# [PROVIDED DATA]
╔══

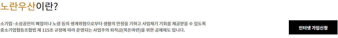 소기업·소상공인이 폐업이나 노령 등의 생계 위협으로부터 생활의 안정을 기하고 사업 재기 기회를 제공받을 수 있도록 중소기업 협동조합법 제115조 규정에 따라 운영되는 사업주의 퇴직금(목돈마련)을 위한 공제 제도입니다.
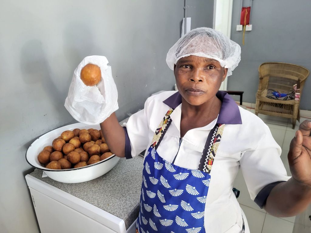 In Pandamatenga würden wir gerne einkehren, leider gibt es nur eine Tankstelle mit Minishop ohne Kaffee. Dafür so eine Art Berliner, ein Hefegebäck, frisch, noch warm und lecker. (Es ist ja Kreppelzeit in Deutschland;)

╚══
╔══

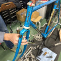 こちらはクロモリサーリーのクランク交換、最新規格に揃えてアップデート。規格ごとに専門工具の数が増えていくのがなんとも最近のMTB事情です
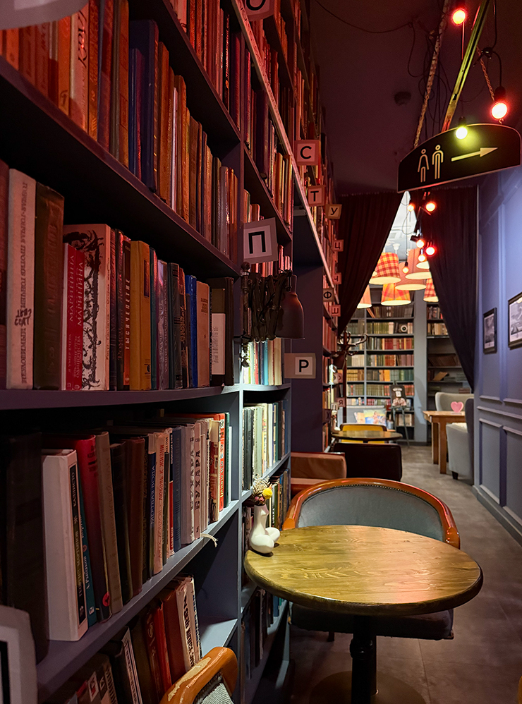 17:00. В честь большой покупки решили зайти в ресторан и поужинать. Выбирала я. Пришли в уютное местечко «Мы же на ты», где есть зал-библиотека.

╚══

# [WHAT THIS TASK INVOLVES]
The response must repeat exactly the lines above from the one with "소기업·소상공인이 폐업이나 노령" through the one with "In Pandamatenga würden", including both, and must contain no pictures and no other text.

# [RESPONSE BOX]
 소기업·소상공인이 폐업이나 노령 등의 생계 위협으로부터 생활의 안정을 기하고 사업 재기 기회를 제공받을 수 있도록 중소기업 협동조합법 제115조 규정에 따라 운영되는 사업주의 퇴직금(목돈마련)을 위한 공제 제도입니다.
 In Pandamatenga würden wir gerne einkehren, leider gibt es nur eine Tankstelle mit Minishop ohne Kaffee. Dafür so eine Art Berliner, ein Hefegebäck, frisch, noch warm und lecker. (Es ist ja Kreppelzeit in Deutschland;)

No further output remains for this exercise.